A Visit to Melliodora

I’m seated around a table carved of recycled celery top pine hundreds years old, feeling a little star-struck. Next to me is David Holgrem, the pioneer of permaculture, looking a little weary from an overnight ferry journey across the Bass Strait where he was attending a national conference on the subject. Still, he shakes my hand warmly, welcoming me to his home. Soon my plate is piled high with produce gleaned from the garden I see out the window – summer vegetable salads, goats cheese, home-baked bread, pickled walnuts, olive oil. The topic of conversation is, unsurprisingly, permaculture.

Once considered a radical experiment in gardening, permaculture is now a household name. From Costa to Cundall, Canberra to Cape Town, everyone, it seems is doing it. Yet few know that the vibrant movement that is reshaping food production worldwide was borne in an Aussie backyard.

David Holmgren was a young research student when his ground-breaking paper Permaculture One was published back in 1978. The concept, co-originated with his research supervisor Bill Mollison, describes ‘consciously designed landscapes which mimic the patterns and relationships found in nature, while yielding an abundance of food, fibre and energy for the provision of local needs.’

Not just about food; people, their buildings and the ways in which they organise themselves are central to permaculture, the word pointing to a vision of permanent or sustainable cultures.

While Bill took the concept on the road, David decided to test his theories in practice, buying a property with his partner Su Dennett outside Victoria’s Daylesford in 1985. Melliodora is now one of the best-documented and well known permaculture demonstration sites in the world; the on ground lab for one of Australia’s most significant intellectual exports.

It was therefore with some excitement that I visited last weekend to meet the permaculture pioneers in their natural habitat.

I find Su knee deep in blackberry, the morning sun glinting off her silver hair as she attacks the vine with a homemade brush hook.

“It’s my green gym - an hour a day keeps me fit,” she smiles without pause.

Nearby three goats devour wild apples fallen on the ground. I’ve missed milking hour, and Su explains how along with the geese and chooks, the goats are vital for manure.

“It’s harvesting, bottling and preserving time,” says Su, as I devour figs, nashi pear and new season apples so crunchy they crackle.
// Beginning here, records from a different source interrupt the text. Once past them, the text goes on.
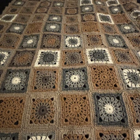 Størrelse ca 190 x 190 cm, men kan selvsagt hekles i valgfri størrelse, og valgfritt garn.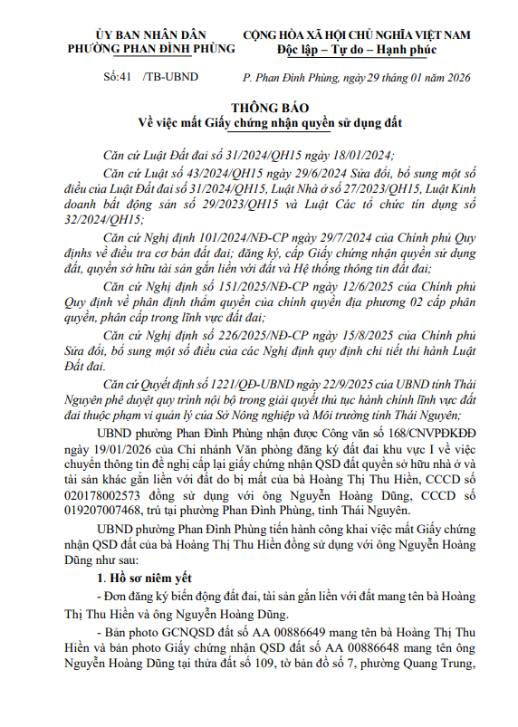 Về việc mất Giấy chứng nhận quyền sử dụng đất bà Hoàng Thị Thu Hiền đồng sử dụng với ông Nguyễn Hoàng Dũng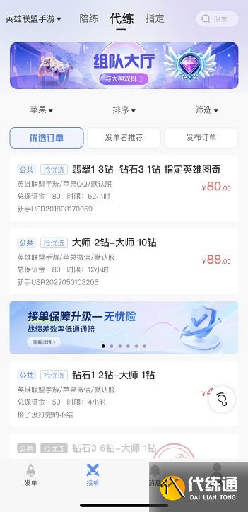 再说说平台接单,这也是我现在主要的接单方式,其中用得最顺手的还是代练通。肯定有兄弟要问:“平台价格是不是比私单低啊?” 实话实说,确实是!因为平台价格透明,所有订单价格都明码标价,想漫天要价根本不可能,比如钻石上大师,平台价基本固定在三百左右,比私单能少五十到一百。但别着急否定,平台的优势是私单比不了的——首先就是订单多,不用你到处发广告,打开代练通APP,订单大厅里的单子多到划不完,从青铜到王者,从刷胜率到拿牌子,啥类型的都有,根本不愁没单打。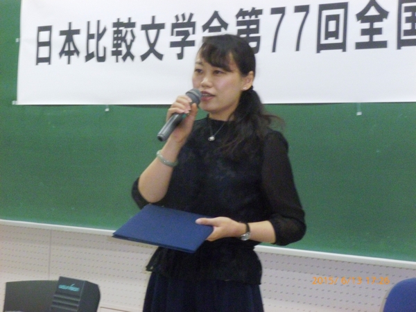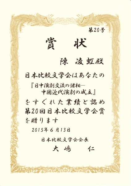 本届颁奖仪式于2015年6月13日在立命馆大学(京都)举行。“日本比较文学会奖”评审委员会委员长北村卓教授介绍了获奖著作内容和颁奖理由,现任会长大嶋仁教授向作者陈凌虹颁发了奖状和奖品。其后获奖者陈凌虹发表演讲,回顾多年的研究历程,表达对学界前辈同仁的谢意,并表示今后将在比较文学比较文化领域奋力耕耘,奉献更多更好的研究成果。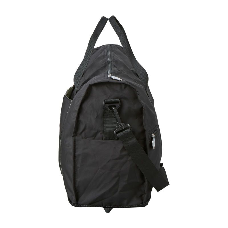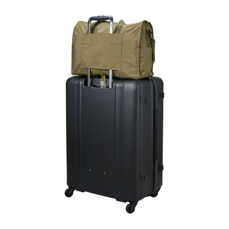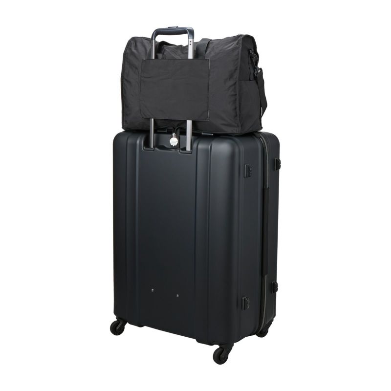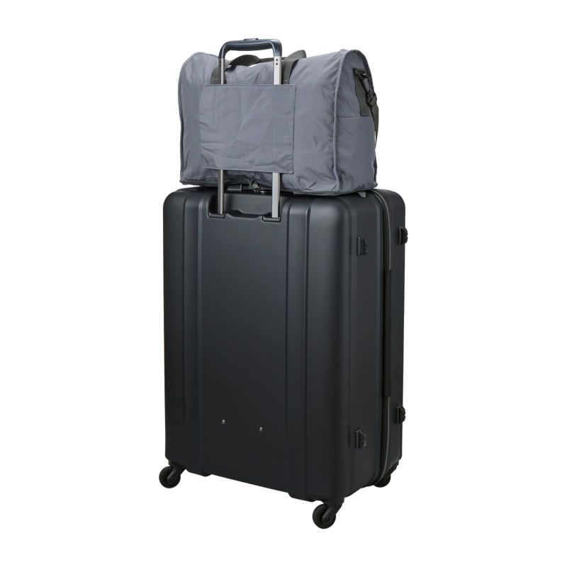 普段使いから旅行用まで、幅広く使える軽いボストンバッグ。使わないときはコンパクトに折りたたんでスーツケースやカバンの中に。使いたいときにぱっと広げて使えます。バッグ背面にはスーツケースのキャリーバーに通せるようにキャリーバー通しが付いているので、旅行の際はとっても便利。
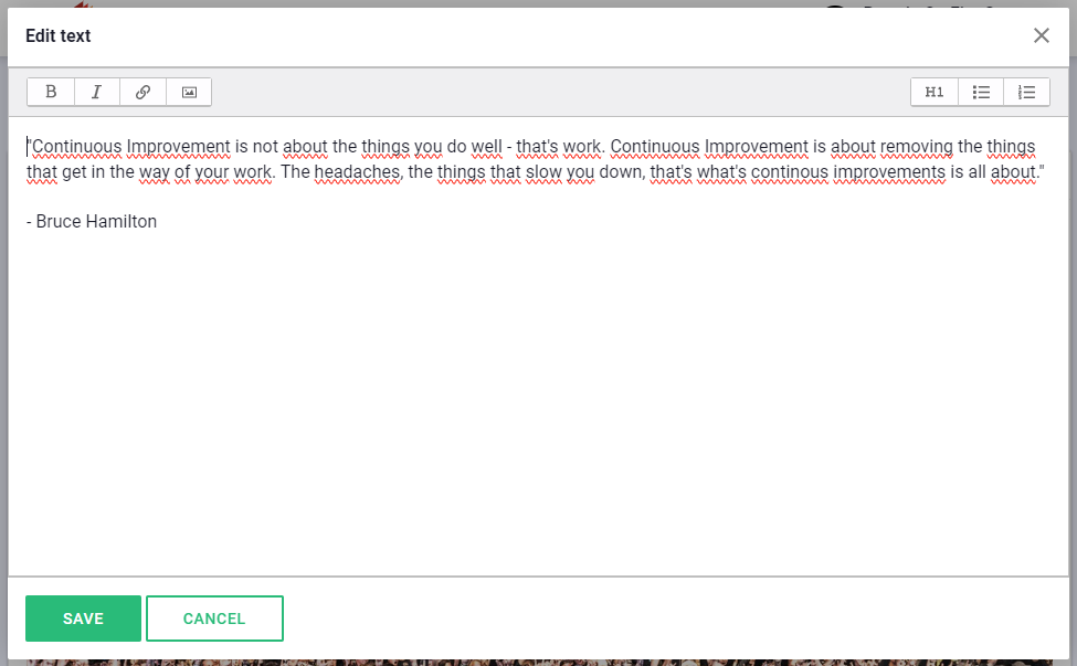 The editing mode opens in a separate window, making it very clear that you are working with the text and not just accidentally selecting text directly in the component. There is also a clear button to save the changes/additions you have made.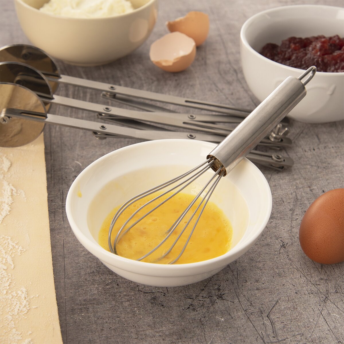 Nerezová metlička na šľahanie s priemerom 4 cm, pre rýchle a ľahké ručné šľahanie a prevzdušnenie. Pomôže s prípravou snehu z bielkov, jemných hladkých krémov, bešamelu, pri príprave pudingu, riedkych ciest, miešaných vajec aj majonézy.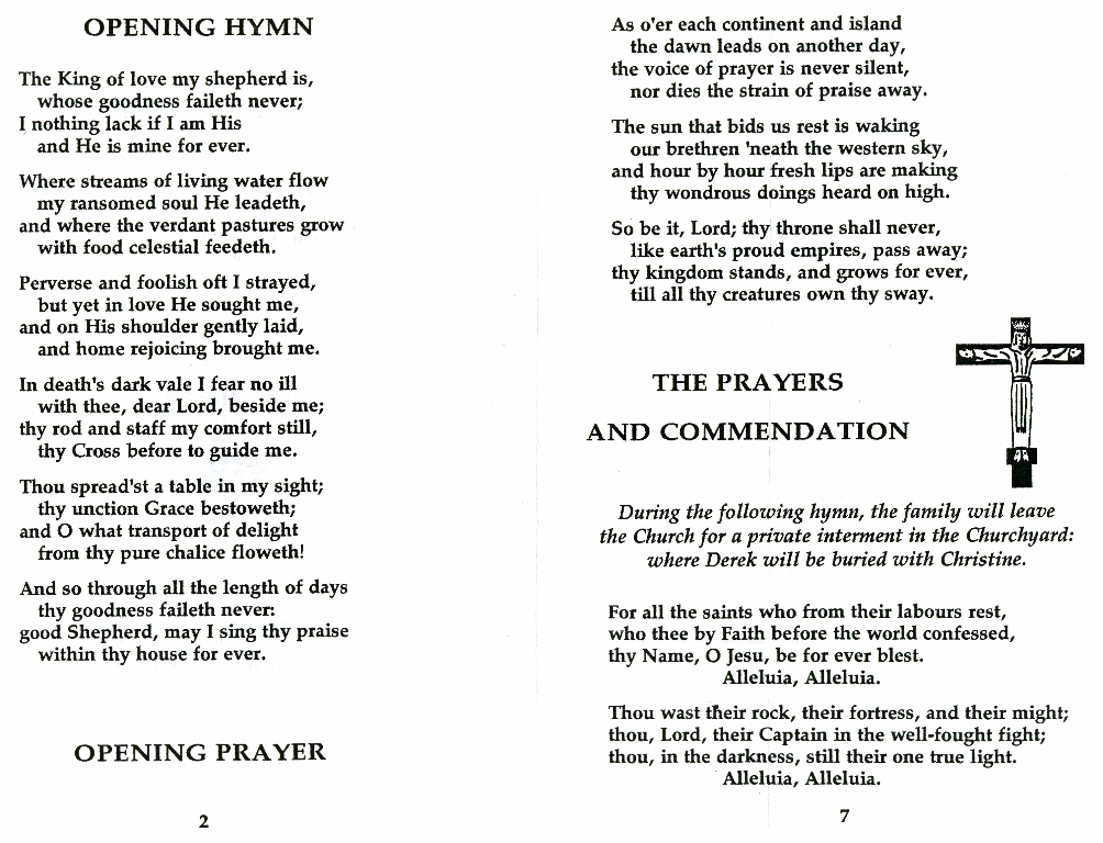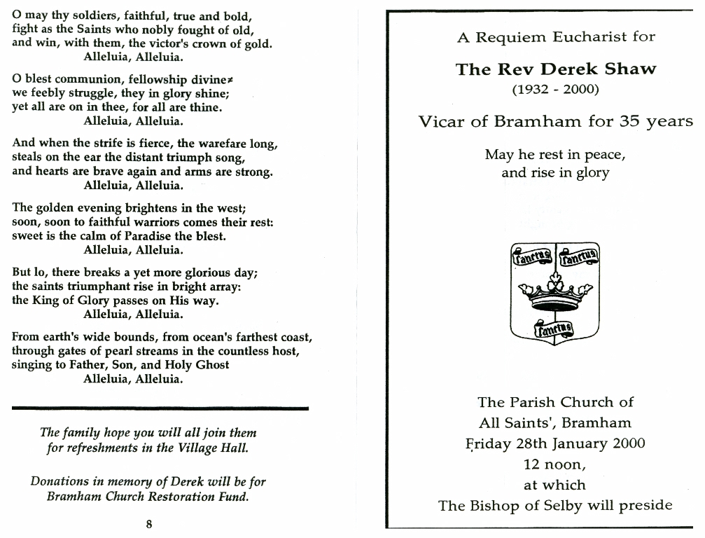 1. & 2. The service sheet for the eucharist for Derek Shaw, vicar for 35 years 28 Jan 2000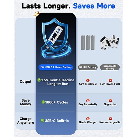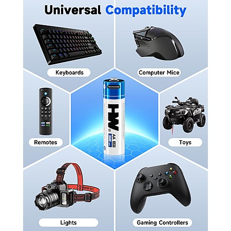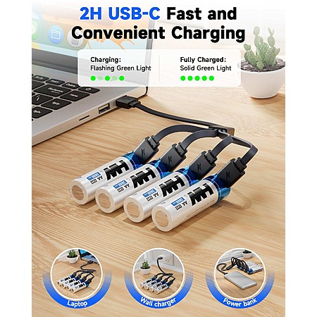 4-Pack HW AA USB-C Rechargeable 1.5V 3600mWh Lithium Batteries w/ 4-in-1 Cable $10.82 + Free Shipping w/ Prime or $35+ Orders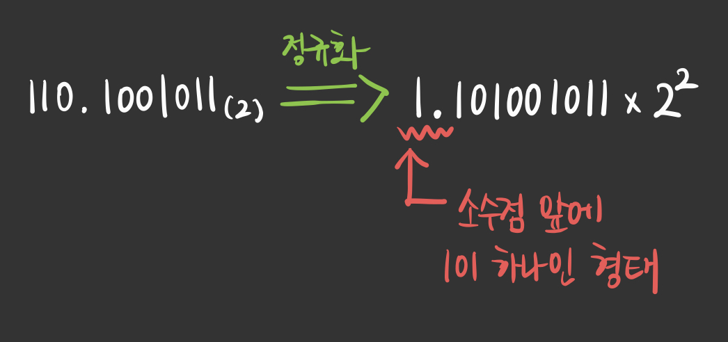 - 정규화란, 소수점 앞에 1이 하나인 형태로 소수점을 이동시켜 표현하는 것이다.

The chickpeas have not fared so well – decimated by rats.

The warmest place on this chilly autumn morning is the solarium on the northern side of the house that creates a microclimate for extending the season for vegetables, while also mediating the house temperature.

It’s hard to believe the one-hectare property, abundant with mixed food gardens and orchards, dams, livestock, revegetated creeksand two mud-brick passive solar designed houses was once a blackberry-covered wasteland.

“Living simply doesn’t mean sacrifice – I can’t imagine anything more satisfying,” Su says.

“It’s all about equity for me. How can people live material and consumer lives while the rest of the world survives on almost nothing?”

Immersed in a super-productive, beautiful and energy efficient permaculture system at harvest time makes it hard to leave.

Su’s pep talk to my imagined readers feels in part directed to me.

“Why wait to have the lifestyle you aspire to? You can have it now. Just start working slowly, one step at a time to change what you do. And when you stop going to the supermarket that’s a milestone to celebrate.”